Thursday, October 14, 2010

Timekeeping is hard

I finally received my first Level-3 support call for KVM. Timekeeping in SLES10 is off.

For those of you who don't know about SLES10 - it's the most widely used version of SLES these days. It's based on 2.6.16 (read: ancient) and especially when it comes to timekeeping it's a lot of fun.

The thing is that SLES10 has two completely different frameworks for time in place on x86_32 and x86_64. The x86_32 one looks almost like what we have in recent kernels with structures describing clock sources:

static struct timer_opts kvm_clock = {
.name = "kvm-clock",

.mark_offset = mark_offset_kvm,
.get_offset = get_offset_kvm,
.monotonic_clock = monotonic_clock_kvm,
.delay = delay_kvm,

This is very convenient, as we can just take the current time from the KVM clocksource and pass it on to the framework which takes care of the rest.
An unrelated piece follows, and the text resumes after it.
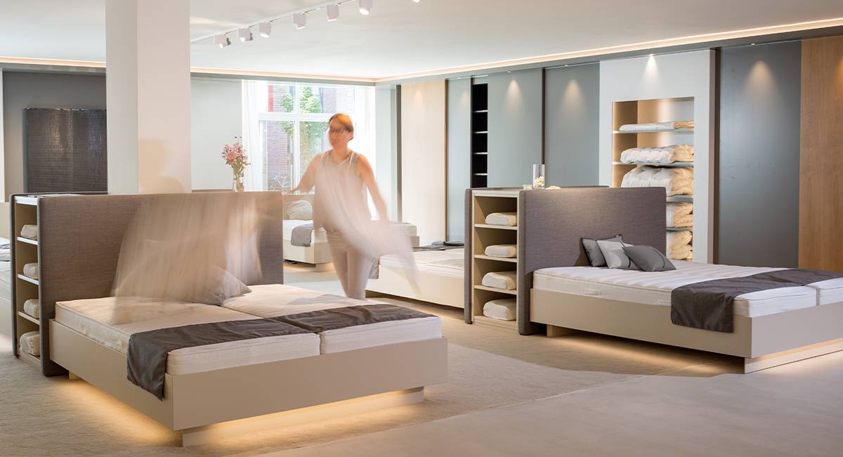 Wir beraten unsere Kundinnen und Kunden ausführlich und kostenlos und entwickeln mit InnenarchitektInnen, SchlafberaterInnen und PhysiotherapeutInnen stilsichere Einrichtungskonzepte sowie die perfekte Schlafumgebung für erholsame Träume.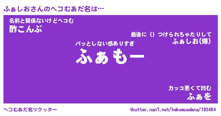 | 意味不明あだ名 | 『ペロリンふぁしお』『永久保存ふぁしお』 |

On x86_64 however, there is no framework. There is only a big pile of mess that has a bunch of ifs in there to decide what to do. And the worst of all this is that time is calculated as offset since the last tick.

static inline unsigned int do_gettimeoffset_kvm(void)
unsigned long t;
unsigned long last_kvm;

/* returns time in ns */
t = kvm_clock_read();

last_kvm = vxtime.last_kvm;
if (t < last_kvm)
return 0;
t -= last_kvm;

return t;

void do_gettimeofday(struct timeval *tv)
unsigned long seq, t;
unsigned int sec, usec;
unsigned long time;

do {
seq = read_seqbegin(&xtime_lock);

sec = xtime.tv_sec;
usec = xtime.tv_nsec / 1000;

t = (jiffies - wall_jiffies) * (1000000L / HZ) +
(ignore_lost_ticks ?
min((unsigned int)USEC_PER_SEC / HZ, do_gettimeoffset()) :
usec += t;

} while (read_seqretry(&xtime_lock, seq));

tv->tv_sec = sec + usec / 1000000;
tv->tv_usec = usec % 1000000;

Can you spot the bug in there?

do_gettimeoffset is supposed to return the offset in usecs, not nsecs. So there we go with the first stupid bug I introduced. Imagine the following scenario:

tv_usec is 100
do_gettimeoffset_kvm returns 100000 ns == 100 usec
tv_usec gets adjusted to 100100

Now the next tick arrives, the following happens:

tv_usec gets bumped to 200
do_gettimeoffset_kvm now returns 0, because the last tick was just now
tv_usec gets adjusted to 200

Tadaa~. We have successfully warped back in time! Awesome, eh? That's not all there is to it though. Expect more subtile clock fun posts to come.


  1. Wow, this blog is like a journey inside the head of Alex Graf! If it continues along that path, it's going to be a favorite of mine.